-- DATA EXCERPT follows --
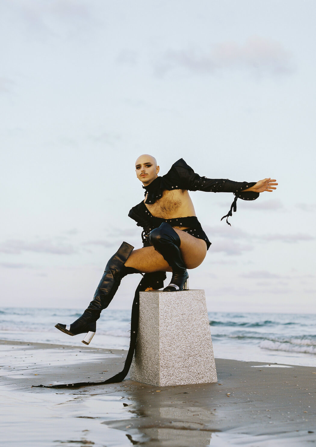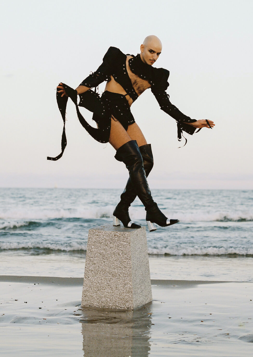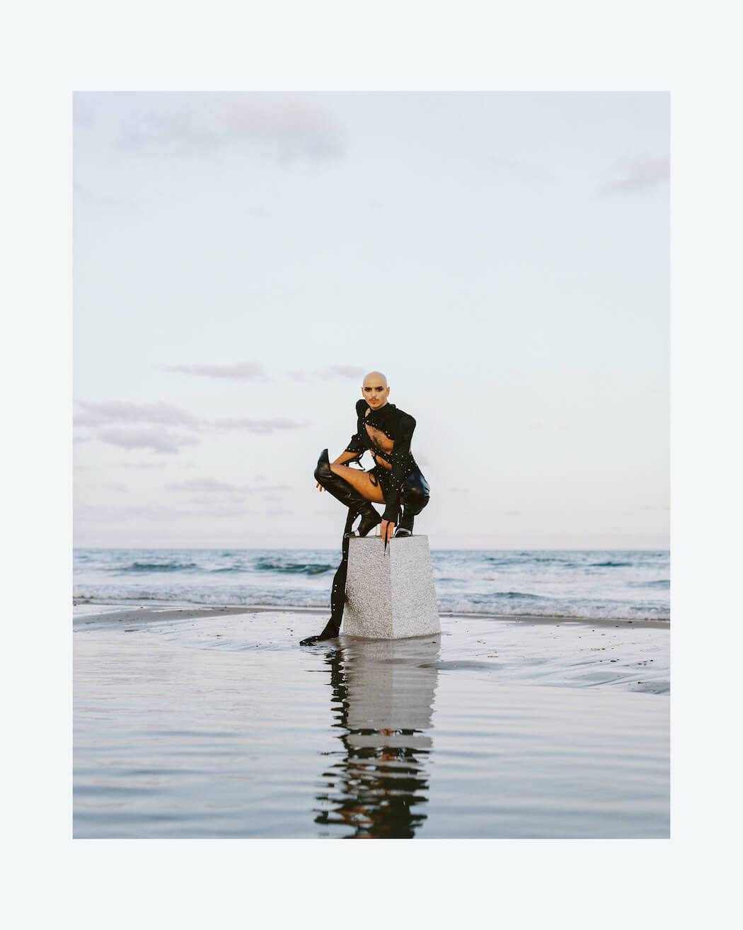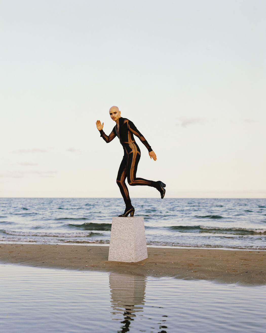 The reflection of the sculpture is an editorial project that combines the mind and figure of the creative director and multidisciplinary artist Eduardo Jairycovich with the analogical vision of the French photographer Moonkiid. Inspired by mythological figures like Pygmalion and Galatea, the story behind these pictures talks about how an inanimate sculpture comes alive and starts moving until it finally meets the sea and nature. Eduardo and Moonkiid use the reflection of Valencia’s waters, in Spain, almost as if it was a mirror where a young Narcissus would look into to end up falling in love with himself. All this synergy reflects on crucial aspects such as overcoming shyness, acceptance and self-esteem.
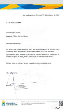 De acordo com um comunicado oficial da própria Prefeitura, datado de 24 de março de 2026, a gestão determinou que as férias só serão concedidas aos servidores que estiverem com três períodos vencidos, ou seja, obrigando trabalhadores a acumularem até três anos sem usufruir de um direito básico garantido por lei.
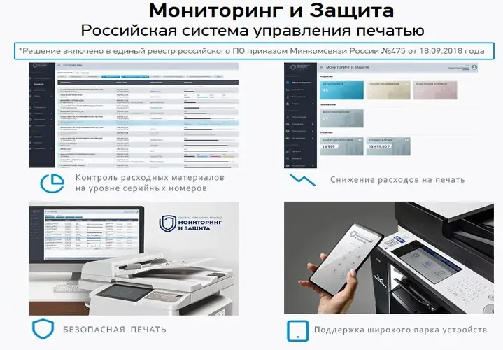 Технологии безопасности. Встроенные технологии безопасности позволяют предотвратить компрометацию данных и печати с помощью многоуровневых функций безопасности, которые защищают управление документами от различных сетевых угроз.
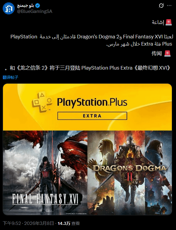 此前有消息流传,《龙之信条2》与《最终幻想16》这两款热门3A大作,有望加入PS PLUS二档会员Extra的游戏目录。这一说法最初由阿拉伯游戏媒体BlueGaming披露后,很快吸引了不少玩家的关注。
-- DATA EXCERPT concluded --
- _REQUIRED WORK_
The copy must start at the line containing "De acordo com" and end at the last line of the data, matching each line exactly. It must hold no pictures.

- _SOLUTION TO THE PROBLEM_
 De acordo com um comunicado oficial da própria Prefeitura, datado de 24 de março de 2026, a gestão determinou que as férias só serão concedidas aos servidores que estiverem com três períodos vencidos, ou seja, obrigando trabalhadores a acumularem até três anos sem usufruir de um direito básico garantido por lei.
 Технологии безопасности. Встроенные технологии безопасности позволяют предотвратить компрометацию данных и печати с помощью многоуровневых функций безопасности, которые защищают управление документами от различных сетевых угроз.
 此前有消息流传,《龙之信条2》与《最终幻想16》这两款热门3A大作,有望加入PS PLUS二档会员Extra的游戏目录。这一说法最初由阿拉伯游戏媒体BlueGaming披露后,很快吸引了不少玩家的关注。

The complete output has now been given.